La dernière oeuvre sur laquelle je souhaiterais dire quelques mots, bien moins connue que les deux précédentes, s’intitule La Peau froide, un roman fantastique d’Albert Sànchez Piñol, un auteur catalan que j’affectionne tout particulièrement. Sans trop en dévoiler sur ce livre, je soulignerais simplement qu’il constitue un parfait exemple de solidarité humaine, malgré les compromis nécessaires à réaliser en temps d’urgence, et ce en dépit des différends qui peuvent entraver la coopération : c’est alors littéralement une question de vie ou de mort.

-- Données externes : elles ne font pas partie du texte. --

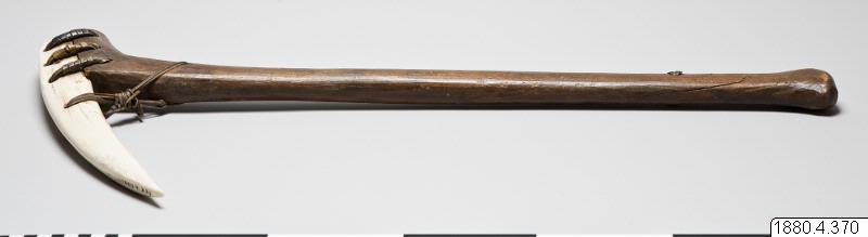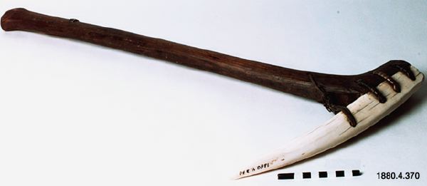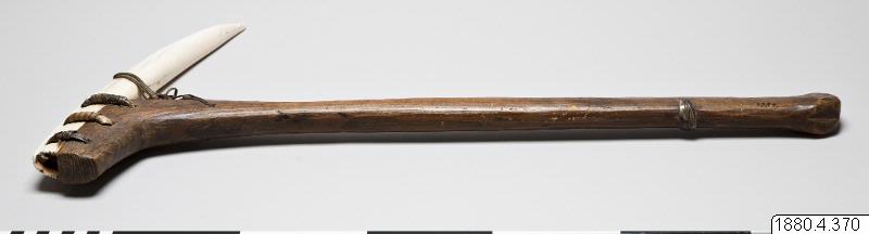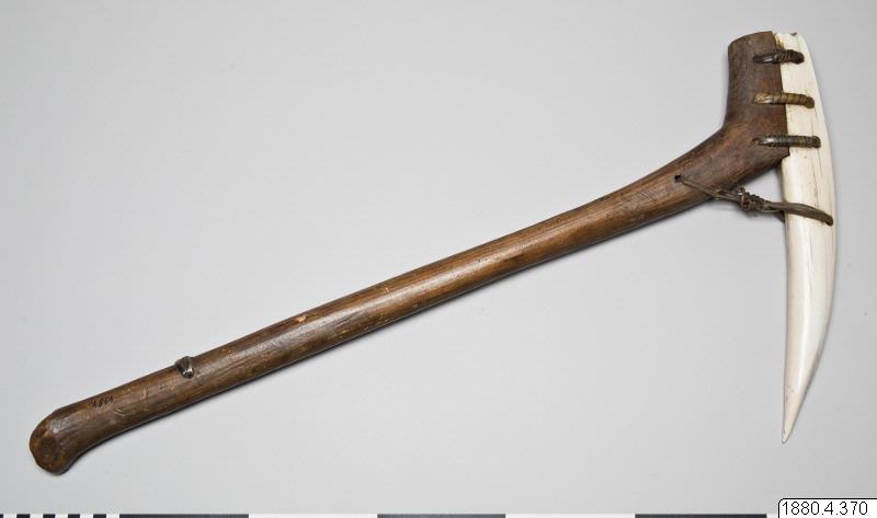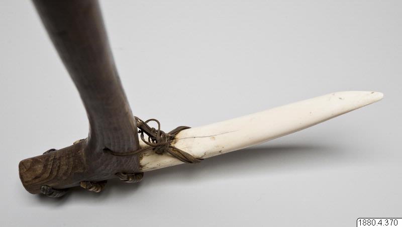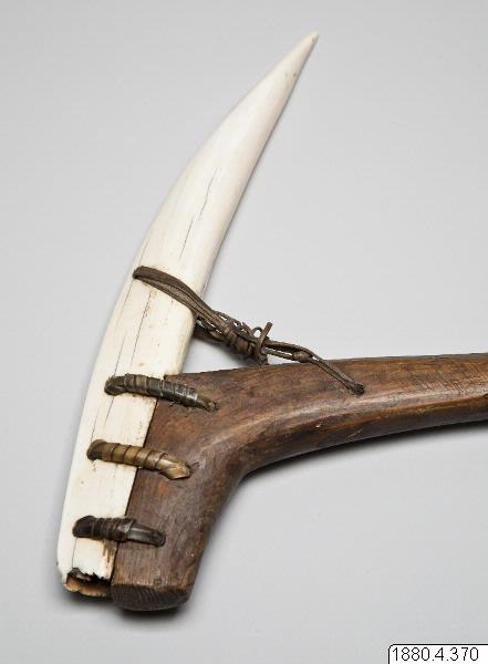 "Består i nedre delen av en valrosstand, fästad genom skinnremmar vid en knäformig utbörjing på ett skaft av trä. Fyra hål genom bladet och skaftet." (generalkatalogen)

Pour conclure, j’aimerais dresser une liste de quelques-uns de mes coups de coeur, (outre ceux dont j’ai traité dans le présent article) parmi les œuvres que j’ai lues au cours de la pandémie et que je vous conseille, chers lecteurs et chères lectrices.
- La mort d’un commis de dépanneur de Jean-François Aubé, Lévesque Éditeur.
- Shuni de Naomi Fontaine, Mémoire d’encrier.
- Océan Mer d’Alessandro Baricco, Gallimard.
- La pensée blanche de Lilian Thuram, Mémoire d’encrier.
- Kafka sur le rivage de Haruki Murakami, 10/18.
- St Kilda de Fanie Demeule, Québec-Amérique.
- Le Président Schreber de Sigmund Freud, Payot.
- Dieu et nous seuls pouvons de Michel Folco, Seuil.
- La nouvelle lutte des classes de Slavoj Žižek, Fayard.
- La méthode Schopenhauer d’Irvin Yalom, Seuil.